OLG Frankfurt Main: Negativeintrag trotz Restschuldbefreiung

Negative Bonitätsauskunft trotz Restschuldbefreiung – das Oberlandesgericht Frankfurt am Main entschied mit Urteil vom 17.12.2015, Az. 1 U 128/15: Wirtschafts-Auskunfteien dürfen den Negativ-Eintrag, dass einem Insolvenzschuldner die Restschuldbefreiung erteilt wurde, grundsätzlich mindestens 3 Jahre aufbewahren, auch wenn die Bekanntmachung in dem Online-Portal insolvenzbekanntmachungen.de bereits gelöscht wurde.

Was war geschehen?

Nach erfolgreichem Insolvenzverfahren und nachfolgender Wohlverhaltensphase wurde dem späteren Kläger im Jahr 2013 die Restschuldbefreiung erteilt. Dies wurde in dem Online-Portal insolvenzbekanntmachungen.de veröffentlicht.

Die dann beklagte Wirtschafts-Auskunftei speicherte diese Daten. Der Kläger verlangte, die Information, dass ihm die Restschuldbefreiung erteilt worden war, zu löschen. Er vertrat die Auffassung, die Speicherung sei rechtswidrig, da die Daten zwischenzeitlich von dem Portal insolvenzbekanntmachungen.de entfernt worden seien. Außerdem habe die Wirtschafts-Auskunftei bei der Speicherung keine Interessensabwägung vorgenommen.

Restschuldbefreiung und Datenspeicherung – wie entschied das Gericht?

Das Oberlandesgericht Frankfurt wies die Klage ab. Die Wirtschafts-Auskunftei habe die Daten zu Recht speichern dürfen. Dem Kläger stehe kein Löschungsanspruch zu.

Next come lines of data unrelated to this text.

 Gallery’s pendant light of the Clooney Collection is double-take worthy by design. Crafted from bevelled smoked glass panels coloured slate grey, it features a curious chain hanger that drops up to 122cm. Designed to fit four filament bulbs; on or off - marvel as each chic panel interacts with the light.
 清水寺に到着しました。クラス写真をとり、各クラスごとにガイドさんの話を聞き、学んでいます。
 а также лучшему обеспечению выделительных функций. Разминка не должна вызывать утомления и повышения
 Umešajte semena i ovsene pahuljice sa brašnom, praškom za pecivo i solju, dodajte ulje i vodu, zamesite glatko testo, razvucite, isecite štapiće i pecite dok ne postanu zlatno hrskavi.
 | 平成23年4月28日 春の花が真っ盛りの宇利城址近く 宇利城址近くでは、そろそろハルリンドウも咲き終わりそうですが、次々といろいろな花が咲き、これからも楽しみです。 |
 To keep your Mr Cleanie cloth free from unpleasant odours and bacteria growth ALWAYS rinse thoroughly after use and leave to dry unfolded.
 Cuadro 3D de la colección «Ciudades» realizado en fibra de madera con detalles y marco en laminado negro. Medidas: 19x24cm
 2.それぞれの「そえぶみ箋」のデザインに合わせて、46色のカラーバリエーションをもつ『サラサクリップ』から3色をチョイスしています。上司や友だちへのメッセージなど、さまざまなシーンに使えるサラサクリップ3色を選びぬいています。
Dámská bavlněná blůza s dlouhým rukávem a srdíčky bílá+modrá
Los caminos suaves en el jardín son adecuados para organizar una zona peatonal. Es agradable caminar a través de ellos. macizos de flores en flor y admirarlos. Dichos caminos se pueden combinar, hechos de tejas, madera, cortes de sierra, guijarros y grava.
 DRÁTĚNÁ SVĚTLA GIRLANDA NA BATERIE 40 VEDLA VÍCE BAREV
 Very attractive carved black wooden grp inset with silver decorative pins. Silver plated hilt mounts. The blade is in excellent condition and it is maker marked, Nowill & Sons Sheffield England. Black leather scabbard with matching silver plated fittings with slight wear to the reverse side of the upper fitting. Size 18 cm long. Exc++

§ 29 Abs. 1 Satz 1 Nr. 2 BDSG setze nicht voraus, dass die Daten auch noch während der gesamten Speicherdauer allgemein zugänglich seien. Nach dem Gesetzeswortlaut komme es nur darauf an, dass die Daten öffentlichen Quellen entnommen werden konnten. Deswegen sei alleine der Zeitpunkt der Speicherung maßgeblich für die Frage, ob die Daten einer öffentlichen Quelle entnommen wurden. Eine zeitliche Einschränkung für die weitere Speicherdauer sei nicht enthalten.

Die beklagte Wirtschafts-Auskunftei habe auch keine Interessenabwägung vornehmen müssen. Eine derartige Interessenabwägung sei bei der Datenspeicherung für eigene Geschäftszwecke erforderlich. Bei der geschäftsmäßigen Datenerhebung zum Zweck der Übermittlung (§ 29 Abs. 1 Satz 1 Nr. 2 BDSG) gebe es dieses Erfordernis einer Interessenabwägung nicht: § 29 Abs. 1 Satz 2 BDSG verweise lediglich auf § 28 Abs. 1 Satz 2 und Abs. 3 bis 3b BDSG. Diese Vorschriften aber enthielten keine Verpflichtung zur Vornahme einer einzelfallbezogenen Interessenabwägung.

Welche Auswirkung hat das Urteil auf die Praxis für Insolvenzschuldner?

Bereits das Amtsgericht Wiesbaden führte zu dieser Rechtsfrage an der Schnittstelle von Insolvenzrecht und Datenschutzrecht mit Beschluss vom 13.01.2011, Az. 93 C 107/11, aus:

„Der Umstand, dass dem Antragsteller durch die Speicherung der Restschuldbefreiung für den Zeitraum von drei Jahren nicht in unbeschränkter Weise der Weg zu neuen Kreditverträgen öffnet wird, ist insofern hinzunehmen. Zweck der Restschuldbefreiung ist nicht, einem Schuldner einen Neuanfang ohne Überprüfung seiner Kreditfähigkeit zu ermöglichen.“

Für das Urteil des Oberlandesgerichts Frankfurt, gilt, was in einer Besprechung der Wiesbadener Entscheidung gesagt wurde: § 35 BDSG legt dem ehemaligen Insolvenzschuldner außerhalb des Insolvenzrechts eine zusätzliche Bewährungszeit auf, die innerhalb der Insolvenzordnung keinen Wiederhall findet.